Now that John Boehner has become Speaker of the House, it’s worth reposting an extended interview he gave on the subject of energy and climate in April 2009.

Boehner is a traditional anti-science conservative — or at least traditional in this country (see “The GOP is stampeding toward an absolutist rejection of climate science that appears unmatched among major political parties around the globe, even conservative ones”).

His exchange with ABC’s George Stephanopoulos (transcript here, reprinted below) is notable for his utter lack of understanding of even the basics of the climate issue.  Boehner said:

George, the idea that carbon dioxide is a carcinogen that is harmful to our environment is almost comical. Every time we exhale, we exhale carbon dioxide.
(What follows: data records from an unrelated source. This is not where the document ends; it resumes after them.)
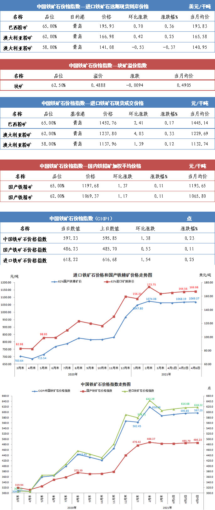 【行業指數】4月6日中國鐵礦石價格指數
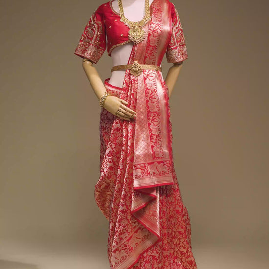 The Crimson Red Shikargah Mashru Silk Saree With Unstitched Blouse, a magnificent and artistic creation that redefines opulent elegance and traditional storytelling. This exquisite saree, in a deep and captivating crimson red hue, exudes an aura of profound sophistication and unique allure. Crafted from luxurious Pure Mashru Silk, known for its unique blend of silk and cotton that offers both lustrous sheen and comfortable drape, it features intricate Shikargah weaving. This rare and elaborate technique depicts scenes of wildlife, hunters, and natural landscapes, meticulously woven into the fabric, creating a rich visual narrative and an unparalleled layer of traditional artistry. This makes it a truly exceptional piece, perfect for making a grand and memorable entrance. This ensemble comes complete with an unstitched blouse piece, allowing for personalized tailoring to achieve a perfect fit and style.
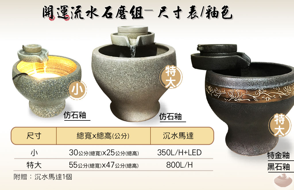 開運流水盆石磨組(附贈沉水馬達+LED燈)
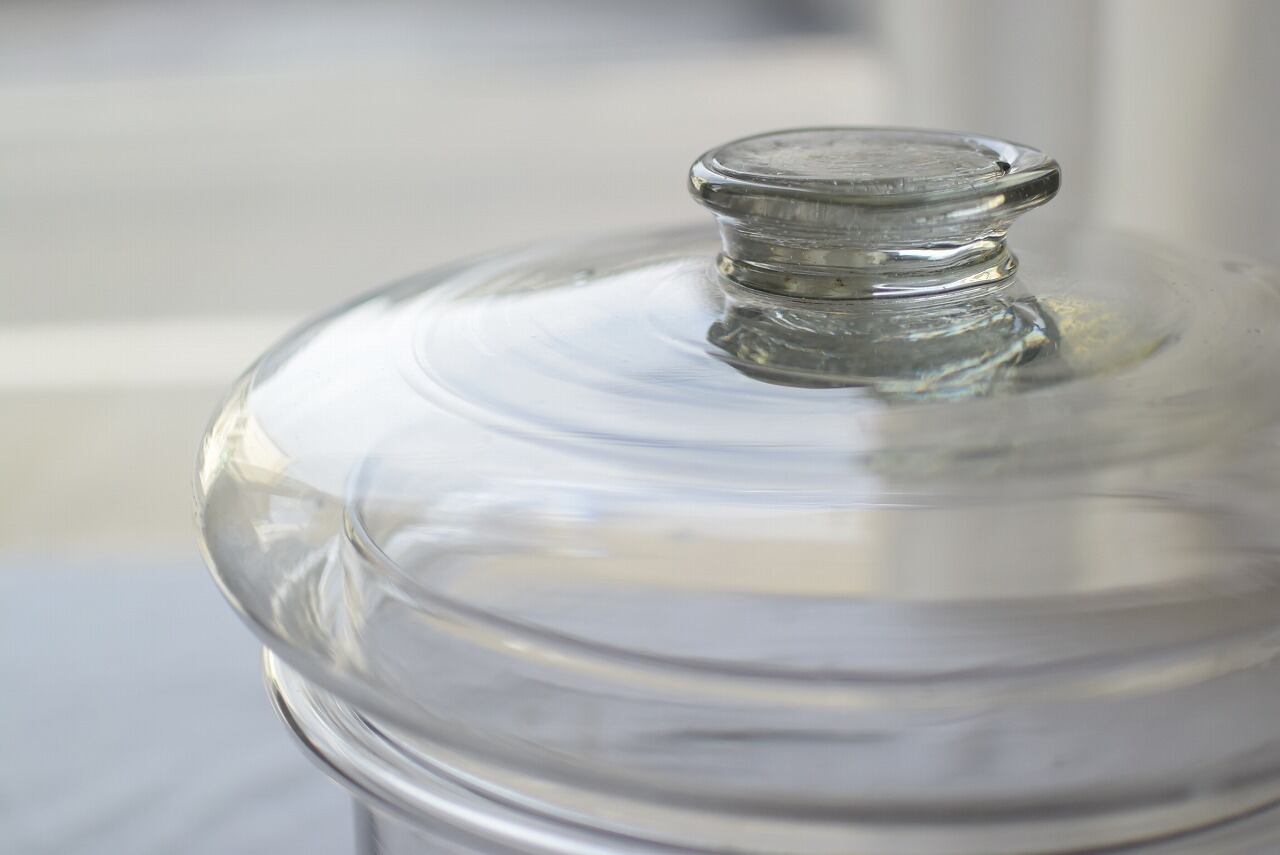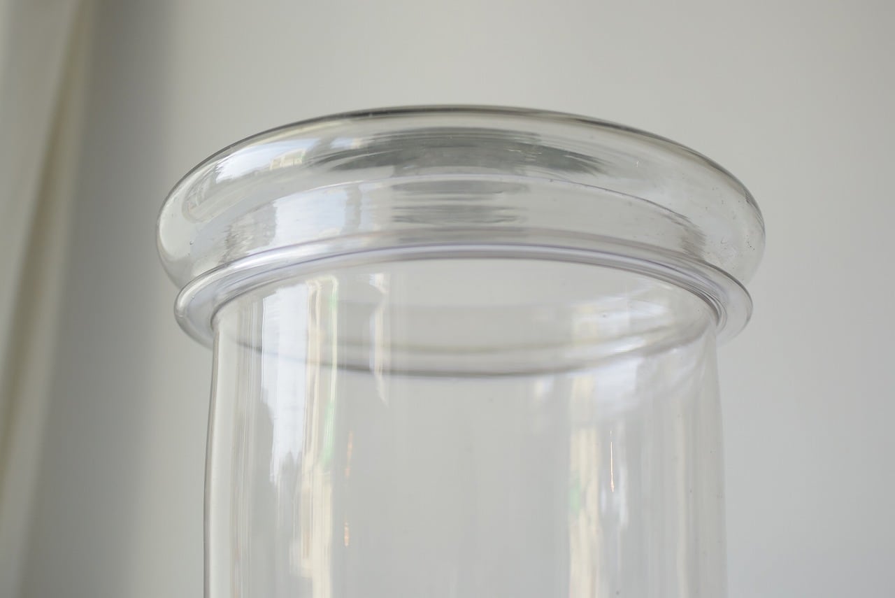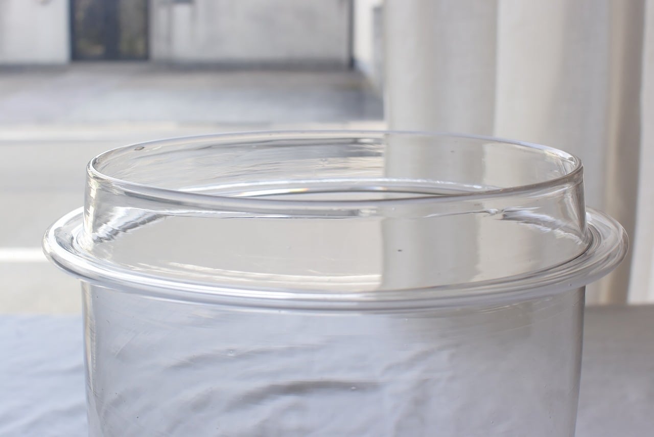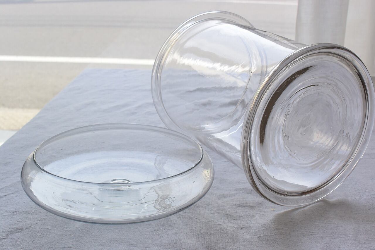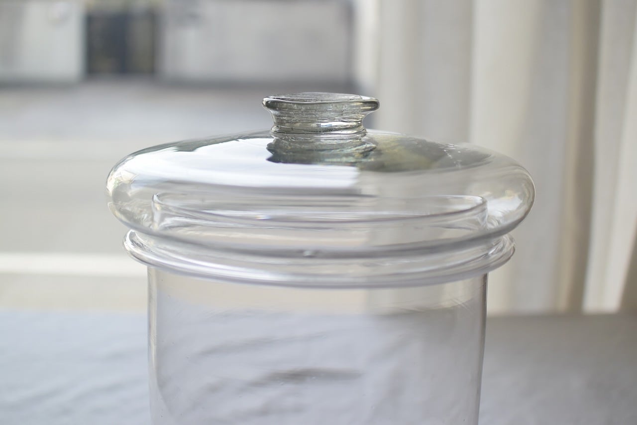 最近はなかなか出会えなくなってきた吹きガラスのガラス瓶。 大きすぎず小さすぎずなサイズ感。 直径19㎝(蓋の直径) 高さ26㎝ 口径14㎝

Every cow in the world, you know, when they do what they do, you’ve got more carbon dioxide

Almost comical?  How about completely tragic?

http://i20.photobucket.com/albums/b231/mumbly_joe/cementshoes1.gifThe most powerful Republican in the country, the man who is next in line to be president should something happen to both Obama and Biden, thinks this debate is about whether carbon dioxide is a carcinogen?  And thinks carcinogens harm the environment, rather than people?  And thinks that cows are of concern because they produce carbon dioxide, rather than methane?

Anti-science, pro-polllution conservatives are now the cement shoes on the American people, pulling us down into the ocean hot, acidic dead zone.

Not only do we learn here that Boehner is utterly ignorant of climate basics.  We also see how he contradicts himself repeatedly in an effort to push out all the standard conservative disinformer talking points on global warming.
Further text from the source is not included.